Верно, подумал Кирн, как в России, когда Муффе поливал красных свинцом из своего пулемета, Бёзе подавал пулеметные ленты, в то время как остальные пытались отвлечь внимание русских.
— Это я беру на себя, — произнес Бринк.
— Что же доктору известно о том, как нужно драться с врагом? — съязвил Кирн. На лунный диск наплыло облако. Ночь была тихая, лишь ветер слегка шуршал листьями. — Вот чума, другое дело. Вы спец по ее части. Вы знаете, что нужно делать. Я же буду делать то, что знаю и умею я.
С этими словами Кирн встал. Голова тотчас закружилась, и он был вынужден какое-то время постоять, чтобы головокружение прошло. Ему ужасно хотелось курить — так сильно, как никогда, но он знал: стоит закурить, как его тотчас начнет бить кашель.
— Хорошо, — ответил Бринк.
Что ж, значит, решено. Кирн посветил лучом фонарика на часы. Без пяти десять. Два километра от Сент-Мер-Эглиз, где молодой солдатик из Прибалтики указал им дорогу на Шеф-дю-Пон, они шли целых два часа. И у них уйдет еще час, если не больше, чтобы добраться до городка. А потом еще нужно будет отыскать ферму, а потом…
Фрэнк помог Аликс подняться на ноги, одна она это сделать не смогла бы.
— Этот ваш врач, его я беру на себя, — сказала она твердым как сталь голосом. — У тебя, бош, свои дела, у Фрэнка свои. Этот эсэсовец мой.
Ответом ей стало молчание и шорох ветра в кронах деревьев.
— Ну как, согласны? — спросила Аликс.
Ответом на этот вопрос стал раскат грома, прогремевший среди туч где-то на востоке, то ли у Карентана, то ли где-то дальше. Этот рокот, низкий и протяжный, то на мгновение стихал, то вновь делался громче. Однако не пропадал полностью, как то обычно бывает с раскатами грома во время грозы. Бомбы. Кирн прислушался, однако рева самолетов его ухо не уловило. Тогда он посмотрел поверх деревьев в направлении этого странного рокота, и ему показалось, будто он увидел на брюхе туч яркие точки. Прожекторы, подумал он, или зенитки. Кто-то где-то оказался под бомбежкой. И все трое застыли на месте, прислушиваясь к этим дальним разрывам.
Хотя его спальня располагалась в дальнем углу дома, шум во дворе разбудил Волленштейна. Он тотчас открыл глаза и, перекатившись на край кровати, спустил ноги на пол.

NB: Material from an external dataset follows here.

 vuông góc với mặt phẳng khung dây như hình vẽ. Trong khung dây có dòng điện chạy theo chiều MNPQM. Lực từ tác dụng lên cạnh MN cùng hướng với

Голова все еще была тяжелая от сна, и низкие звуки, которые, словно волны, с рокотом накатывали на ферму, мешали сосредоточиться. Может, он все еще спит? Волленштейн пытался вспомнить, что ему снилось. Он повернулся и включил свет.

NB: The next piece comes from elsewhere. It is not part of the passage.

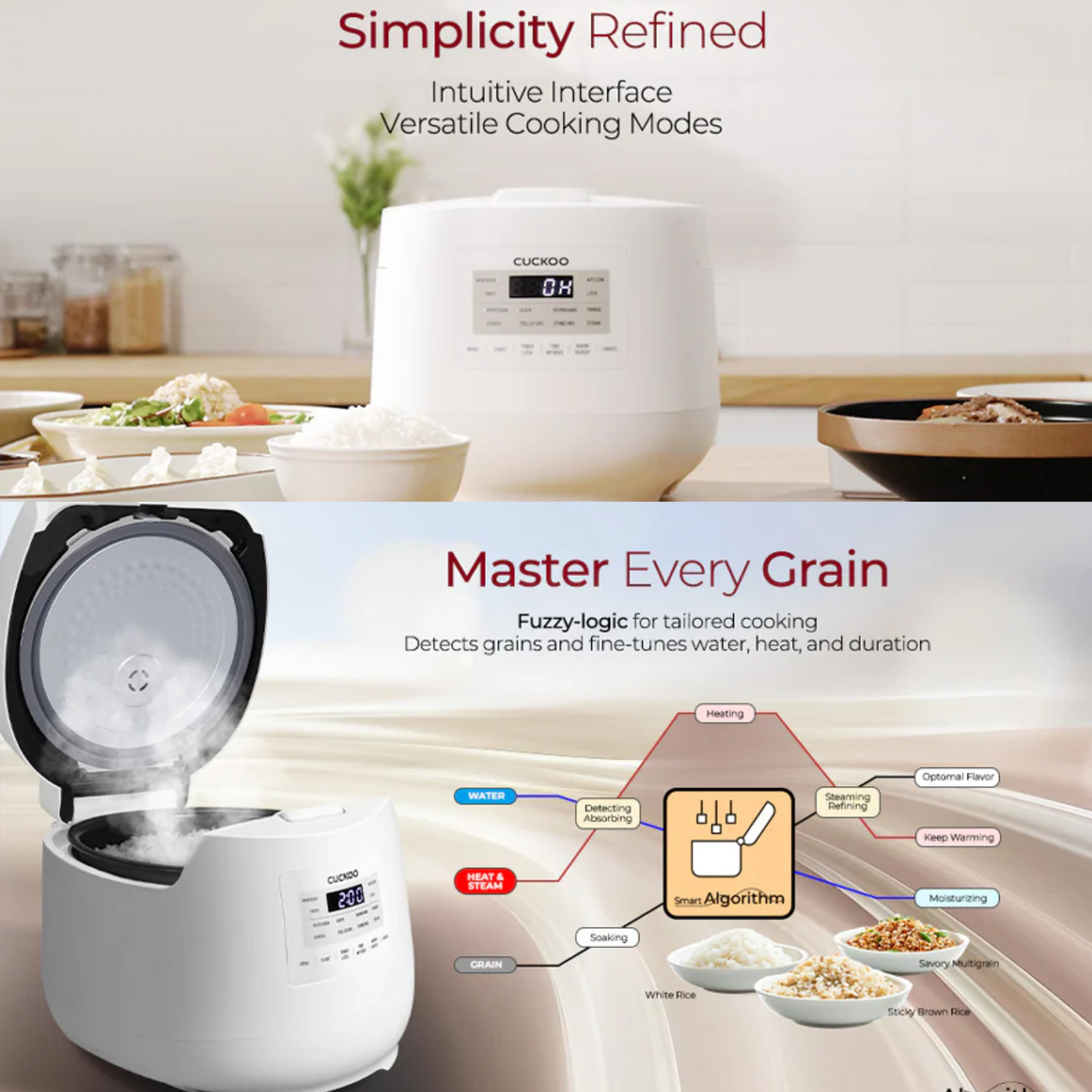 Intelligenz trifft Geschmack: Die Fuzzy-Logic-Technologie reguliert Temperatur und Kochzeit automatisch – für Reis, der nie matschig oder angebrannt ist, sondern immer perfekt gegar

В дверь колотили чьи-то кулаки. Проститутка из Шеф-дю-Пон заворочалась в кровати и села, прижав простыню к шее. Глаза ее были широко открыты, в них читался испуг.
— Не бойся, это не за тобой, — успокоил девушку Волленштейн. Впрочем, она все равно не поняла, потому что не говорила по-немецки.
— Штурмбаннфюрер! — крикнул из-за двери чей-то голос. Шум снаружи сделался еще громче, низкий и рокочущий, пока не перерос в отчетливый рев моторов. Волленштейн распахнул дверь. Ниммих стоял в коридоре, переминаясь с ноги на ногу. Левое веко дергалось с бешеной скоростью. Он и эта девица, вот уж действительно парочка! Оба напуганы до потери сознания.
— Во дворе грузовики, — заикаясь, доложил Ниммих.
В животе у Волленштейна свело, однако голос его остался спокоен.
— Грузовики? В это время суток?
Он посмотрел на серебряные часы, лежавшие на небольшом столике. Без пяти минут полночь. Да, после постельных утех с этой девицей он проспал как минимум час.
— Позовите Зильмана, скажите ему, чтобы он привел охрану.
— Он сейчас налетном поле. Со мной только Рибе.
— А кто там снаружи? — уточнил Волленштейн. Вернувшись в спальню, он быстро накинул на себя рубашку, натянул брюки и схватил со спинки стула мундир. Ниммих ничего не сказал. Волленштейн шагнул мимо него и босиком направился к входной двери. Здесь он на ощупь нашел сапоги, застегнул ремень и вынул из кобуры верный вальтер.